We have a deep frying rotisserie and was able to secure the bird without issues the first time but the second, not so much.   Was thinking of trying a meat net this time. Will that work?  The bird will be about 15#'s, lookalike a number 24 is the biggest????

Any suggestions would be appreciated!


----------



## JustJoel (Nov 11, 2018)

I kinda don’t understand this. A “rotisserie” is basically meat on a spit that rotates over (and sometimes in front of) a heat source. Deep frying involves submerging the meat in hot oil. How does a deep frying rotisserie work? Mind you, I’ve never rotisseried anything, and I really suck at deep frying, so I’m probably not your go to person!

Welcome to DC, RickM!


----------



## Rickm (Nov 11, 2018)

The instead of rotating over heat, the meat is half submerged in a deep fryer at any given time as it rotates.  It uses a lot less oil.  You can do a search for a  Waring Pro Turkey Deep Fryer


----------



## caseydog (Nov 11, 2018)

I looked it up, and watched the video on the Waring website. I've never seen anything like it. 

I rotisserie cook on my charcoal grill all the time, and always just tie my birds with butcher's twine.

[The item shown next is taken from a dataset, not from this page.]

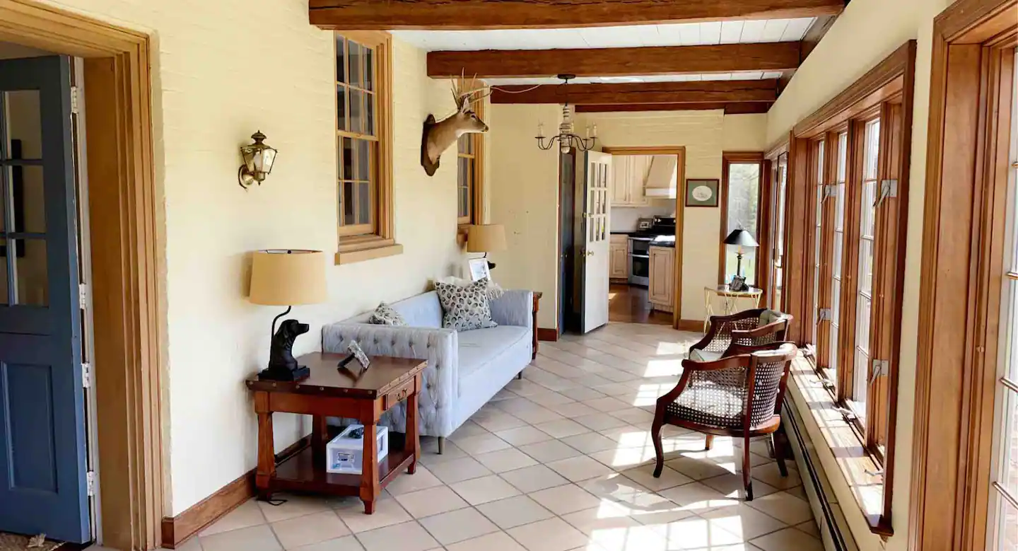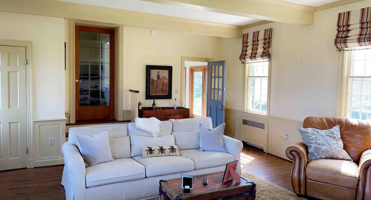Transport yourself back in time with this more than 200-year-old farmhouse in Connecticut! But wait, you don’t need to worry about your convenience in this rental property because it has been renovated early in the 21st century to cater to your modern needs but still has that rustic touch and historic setting. This farmhouse features 5 spacious rooms, intricate 18th-century home decor, a pool, and access to a 10-acre well-maintained park.

It takes a lot of tying for a turkey. Have you looked at the video at the Waring site? They show how they tie a turkey with butcher's twine. 

I have bought roasts with meat netting, but have never netted any meat at home. You will still have to make sure the net is very tight all over the bird. 

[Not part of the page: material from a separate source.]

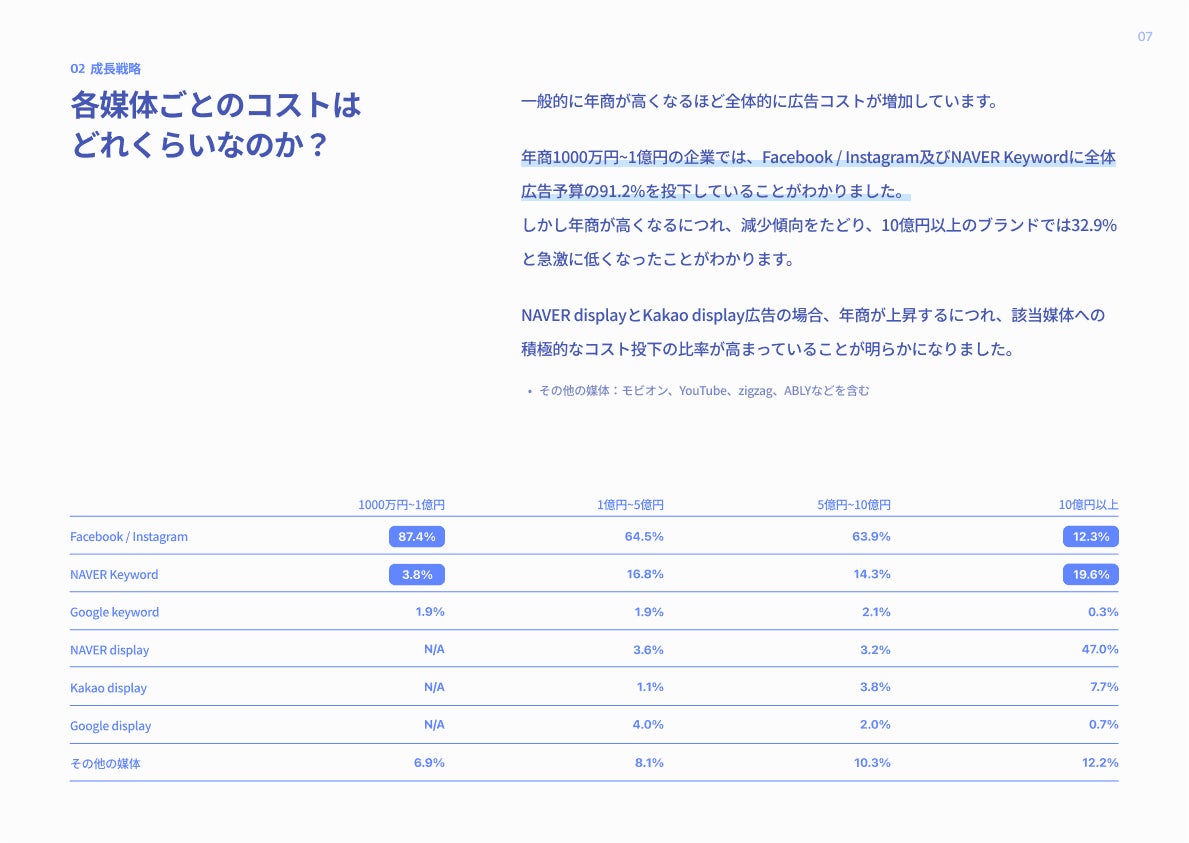 そこで、他社がどれくらい成長しているのか、売上対比でどれくらい・何にコストを投下しているのかといった情報があれば、SMB企業の持続的な成長をサポートするうえで大きな一助になれると考え、本レポートをグローバル全体で作成し、公開するに至りました。その第一弾として今回、ECの成長が最も早い国である「韓国」にてレポートを作成しました。実際に、本レポートを韓国にて7月に公開したところ、2000件以上ダウンロードされ、満足度調査では、5点満点中4.2点で「他では取り上げられない内容でとても役立った」「自社と同規模のデータが見れて、今後のマーケティングの意思決定に活用したい」といったご好評の声をいただき、日本でも公開するに至りました。

I would tend to stick with twine, and just make sure to use a lot of it, and tie it tight.

That's all I got. 

CD


----------



## JustJoel (Nov 12, 2018)

Rickm said:


> The instead of rotating over heat, the meat is half submerged in a deep fryer at any given time as it rotates.  It uses a lot less oil.  You can do a search for a  Waring Pro Turkey Deep Fryer


Of course, I _could_ do a search, but I’m a very lazy person (others on the site will back me up on that), and you posting a link would be so much easier. For me, anyway!


----------



## buckytom (Nov 12, 2018)

I'm guessing it rotates horizontally through a bath of hot oil.

Lol, my first thought would be that otherwise, vertically, it would have to be a huge, gyroscopic thing.

Nonetheless, try some chickenwire. You can make it as tight as needed.


----------



## caseydog (Nov 12, 2018)

Here is a link to the _Waring_ video...

https://www.youtube.com/watch?v=DqvNoelvoDI

CD


----------



## Roll_Bones (Nov 12, 2018)

Be careful with regular rotisseries.  Mine has a 12 lb limit.  Hardly enough for a turkey.


----------



## Rascal (Nov 13, 2018)

I use a charcoal rotisserie a lot, I use wire bought from my hardware store. About 1mm thick.

Russ


----------